WHAT THE TASK ASKS:
Repeat the records below exactly, leaving out any pictures.

(Extracted data entries)
===
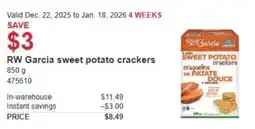 On this page you can compare the current prices of Sweet potato at different retailers such as Costco. Whether you are looking for RW Garcia sweet potato crackers, RW Garcia sweet potato crackers 850 g 475610 & RW Garcia 3 Seed Sweet Potato Crackers, 2 × 425 g, you will immediately see where you can buy the product for the lowest price. The cheapest deal is automatically listed at the top, including retailer name, price, and validity period.
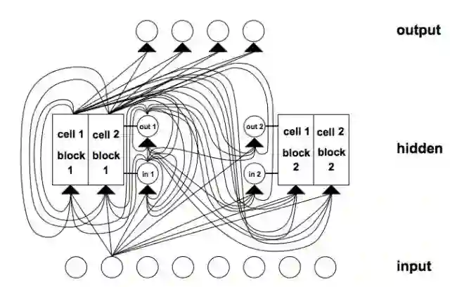 LSTM 架构示例。这个 LSTM 网络带有 8 个输入单元、4 个输出单元和 2 个大小为 2 的记忆单元模块。in1 是指输入门,out1 是指输出门,cell1 = block1 是指 block 1 的第一个记忆单元。来自 1997 年的《Long Short-Term Memory》
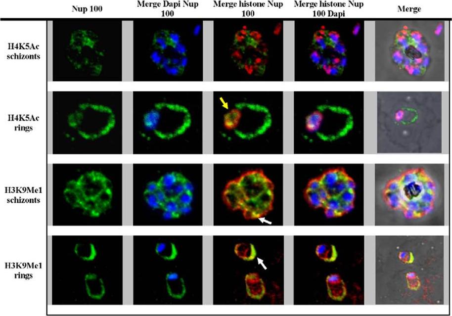 Immunofluorescence analysis of Nup 100. H3K9Me1, H4K5Ac and Nup 100 were stained red and green respectively. DAPI stained DNA blue. Yellow arrow indicates the co-localization of the H3K5Ac and Nup-100 in the ring stage parasites. White arrows indicate the co-localization of H3K9Me1 and Nup 100 outside the DAPI stained area, in the ring and schizont stage parasites.Luah YH, Chaal BK, Ong EZ, Bozdech Z. A moonlighting function of Plasmodium falciparum histone 3, mono-methylated at lysine 9? PLoS One. 2010 Apr 19;5(4):e10252
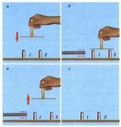 Рис. 8.3. Электризация с помощью электростатической индукции
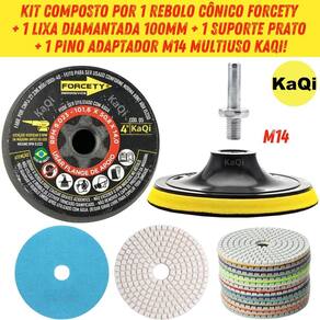 1 Lixa Grão 4 Pol. 100mm Diamantada + 1 Rebolo Cônico 45 Graus + 1 Disco Prato + 1 Pino M14 KaQi GRÃO: 1 Lixa g200 + Kit Kit 1 Lixa Diamantada Disco 4 Polegadas 100mm KaQi + 1 Rebolo Grão 120 Copo Cônico 45 Graus 4 Polegadas M14 Forcety. + 1 Suporte Prato Disco 100mm M14 KaQi + 1 Pino Adaptador Multiuso Rosca Universal M14 KaQi. Para Desbastes, Polimentos, Acabamentos, Boleamentos, Lixamentos a Seco e Úmido. Ideal para profissionais e entusiastas de reformas e construção. Alta qualidade, resistência e desempenho superior. Transforme o acabamento das suas superfícies com o Kit 1 Lixa Grão 4 Pol. 100mm Diamantada + 1 Rebolo Cônico 45 Graus + 1 Disco Prato + 1 Pino M14 Desenvolvido para oferecer o melhor polimento e acabamento, é perfeito para quem busca resultados profissionais, tanto em pedras como granitos, mármores, cerâmicas, quanto ardósia, calcário, dekton, quartzo, porcelanato, pedra projetada, concreto, nanoglass, super nano, vidro e muito mais. Seu lixamento pode ser a seco e a úmido, o que proporciona um processo mais rápido, sem gerar calor excessivo. Assim, é possível garantir um resultado sem manchas ou falhas, e ainda favorece um efeito brilho d'água incrível O Rebolo Copo Cônico 10x5cm Grão 120 Forcety é ideal para desbastes, retificações, boleamentos e acabamentos. Projetado para oferecer eficiência, durabilidade, confiabilidade e resultados excepcionais, é perfeito para profissionais e entusiastas de reformas e construções. Não à toa, é o rebolo número 1 das marmorarias, azulejistas e oficinas de todo Brasil O Disco 100mm e o pino adaptador M14 podem ser utilizados em conjunto com as lixas e com o rebolo. Com sistema de gruda e desgruda fácil, podem utilizadas em lixadeiras, esmerilhadeiras, politrizes, furadeiras, parafusadeiras. Permite, assim, ampliar a gama de usos do kit. Modo de uso: aceita lixamento tanto, a úmido, quanto, a seco. No úmido utiliza-se com uma politriz úmido de qualquer marca que aceite um prato com rosca M14 ou máquina polidora utilizada em indústrias de mármore e granito para polimento nas bordas da pedra. Quando o uso é a seco, aceita lixadeiras, esmerilhadeiras e politrizes comuns. Em ambos os casos, basta encostar o costado de vellcro ao disco prato suporte que também tenha o mesmo sistema, e então fazer o devido uso. Conteúdo da embalagem: 1 Lixa DÁgua 4 Pol. 100mm Disco Diamantado KaQi GRÃO. + 1 Rebolo Grão 120 Copo Cônico 45 Graus 4 Polegadas M14 Forcety. + 1 Suporte Prato Disco 100mm M14 KaQi + 1 Pino Adaptador Multiuso Rosca Universal M14 KaQi. Especificações Lixa: Diâmetro: 100mm 4 Polegadas . Furo central: 1,3cm diâmetro. Espessura 1 unidade: 0,4cm. Maleabilidade: flexível. Lixamentos: seco e úmido. RPM: ideal entre 3000 a 5000 rotações por minuto. Material da lixa: diamante sintético industrial e resina premium. Costado: tipo vellcro. Fácil de fixar e remover. Especificações Rebolo: Trabalho: a seco ou refrigerado com água. Diâmetro: 4 Polegadas 100mm 10,16cm x altura 5,08cm. Velocidade: 9023RPM. Rosca: M14. Material: Carbeto de Silício SiC com diamantes. Feito para ser conforme norma ABNT NBR 15230. Especificações Prato Suporte: Diâmetro do disco: 100mm 4 Polegadas . Modelo do disco: M14 com superfície tipo vellcro. RPM: até 12000. Rosca: padrão M14 14mm . Especificações Pino Adaptador M14: Para Furadeira Parafusadeiras, Politrizes, Lixadeiras e Esmerilhadeiras. Fixa em discos pratos M14 para uso com lixas, boinas, espumas de polir, entre outros acessórios. Rosca: M14 14mm . Pino largura: 8mm. Altura total: 4,4cm.
===
ANSWER AREA:
 On this page you can compare the current prices of Sweet potato at different retailers such as Costco. Whether you are looking for RW Garcia sweet potato crackers, RW Garcia sweet potato crackers 850 g 475610 & RW Garcia 3 Seed Sweet Potato Crackers, 2 × 425 g, you will immediately see where you can buy the product for the lowest price. The cheapest deal is automatically listed at the top, including retailer name, price, and validity period.
 LSTM 架构示例。这个 LSTM 网络带有 8 个输入单元、4 个输出单元和 2 个大小为 2 的记忆单元模块。in1 是指输入门,out1 是指输出门,cell1 = block1 是指 block 1 的第一个记忆单元。来自 1997 年的《Long Short-Term Memory》
 Immunofluorescence analysis of Nup 100. H3K9Me1, H4K5Ac and Nup 100 were stained red and green respectively. DAPI stained DNA blue. Yellow arrow indicates the co-localization of the H3K5Ac and Nup-100 in the ring stage parasites. White arrows indicate the co-localization of H3K9Me1 and Nup 100 outside the DAPI stained area, in the ring and schizont stage parasites.Luah YH, Chaal BK, Ong EZ, Bozdech Z. A moonlighting function of Plasmodium falciparum histone 3, mono-methylated at lysine 9? PLoS One. 2010 Apr 19;5(4):e10252
 Рис. 8.3. Электризация с помощью электростатической индукции
 1 Lixa Grão 4 Pol. 100mm Diamantada + 1 Rebolo Cônico 45 Graus + 1 Disco Prato + 1 Pino M14 KaQi GRÃO: 1 Lixa g200 + Kit Kit 1 Lixa Diamantada Disco 4 Polegadas 100mm KaQi + 1 Rebolo Grão 120 Copo Cônico 45 Graus 4 Polegadas M14 Forcety. + 1 Suporte Prato Disco 100mm M14 KaQi + 1 Pino Adaptador Multiuso Rosca Universal M14 KaQi. Para Desbastes, Polimentos, Acabamentos, Boleamentos, Lixamentos a Seco e Úmido. Ideal para profissionais e entusiastas de reformas e construção. Alta qualidade, resistência e desempenho superior. Transforme o acabamento das suas superfícies com o Kit 1 Lixa Grão 4 Pol. 100mm Diamantada + 1 Rebolo Cônico 45 Graus + 1 Disco Prato + 1 Pino M14 Desenvolvido para oferecer o melhor polimento e acabamento, é perfeito para quem busca resultados profissionais, tanto em pedras como granitos, mármores, cerâmicas, quanto ardósia, calcário, dekton, quartzo, porcelanato, pedra projetada, concreto, nanoglass, super nano, vidro e muito mais. Seu lixamento pode ser a seco e a úmido, o que proporciona um processo mais rápido, sem gerar calor excessivo. Assim, é possível garantir um resultado sem manchas ou falhas, e ainda favorece um efeito brilho d'água incrível O Rebolo Copo Cônico 10x5cm Grão 120 Forcety é ideal para desbastes, retificações, boleamentos e acabamentos. Projetado para oferecer eficiência, durabilidade, confiabilidade e resultados excepcionais, é perfeito para profissionais e entusiastas de reformas e construções. Não à toa, é o rebolo número 1 das marmorarias, azulejistas e oficinas de todo Brasil O Disco 100mm e o pino adaptador M14 podem ser utilizados em conjunto com as lixas e com o rebolo. Com sistema de gruda e desgruda fácil, podem utilizadas em lixadeiras, esmerilhadeiras, politrizes, furadeiras, parafusadeiras. Permite, assim, ampliar a gama de usos do kit. Modo de uso: aceita lixamento tanto, a úmido, quanto, a seco. No úmido utiliza-se com uma politriz úmido de qualquer marca que aceite um prato com rosca M14 ou máquina polidora utilizada em indústrias de mármore e granito para polimento nas bordas da pedra. Quando o uso é a seco, aceita lixadeiras, esmerilhadeiras e politrizes comuns. Em ambos os casos, basta encostar o costado de vellcro ao disco prato suporte que também tenha o mesmo sistema, e então fazer o devido uso. Conteúdo da embalagem: 1 Lixa DÁgua 4 Pol. 100mm Disco Diamantado KaQi GRÃO. + 1 Rebolo Grão 120 Copo Cônico 45 Graus 4 Polegadas M14 Forcety. + 1 Suporte Prato Disco 100mm M14 KaQi + 1 Pino Adaptador Multiuso Rosca Universal M14 KaQi. Especificações Lixa: Diâmetro: 100mm 4 Polegadas . Furo central: 1,3cm diâmetro. Espessura 1 unidade: 0,4cm. Maleabilidade: flexível. Lixamentos: seco e úmido. RPM: ideal entre 3000 a 5000 rotações por minuto. Material da lixa: diamante sintético industrial e resina premium. Costado: tipo vellcro. Fácil de fixar e remover. Especificações Rebolo: Trabalho: a seco ou refrigerado com água. Diâmetro: 4 Polegadas 100mm 10,16cm x altura 5,08cm. Velocidade: 9023RPM. Rosca: M14. Material: Carbeto de Silício SiC com diamantes. Feito para ser conforme norma ABNT NBR 15230. Especificações Prato Suporte: Diâmetro do disco: 100mm 4 Polegadas . Modelo do disco: M14 com superfície tipo vellcro. RPM: até 12000. Rosca: padrão M14 14mm . Especificações Pino Adaptador M14: Para Furadeira Parafusadeiras, Politrizes, Lixadeiras e Esmerilhadeiras. Fixa em discos pratos M14 para uso com lixas, boinas, espumas de polir, entre outros acessórios. Rosca: M14 14mm . Pino largura: 8mm. Altura total: 4,4cm.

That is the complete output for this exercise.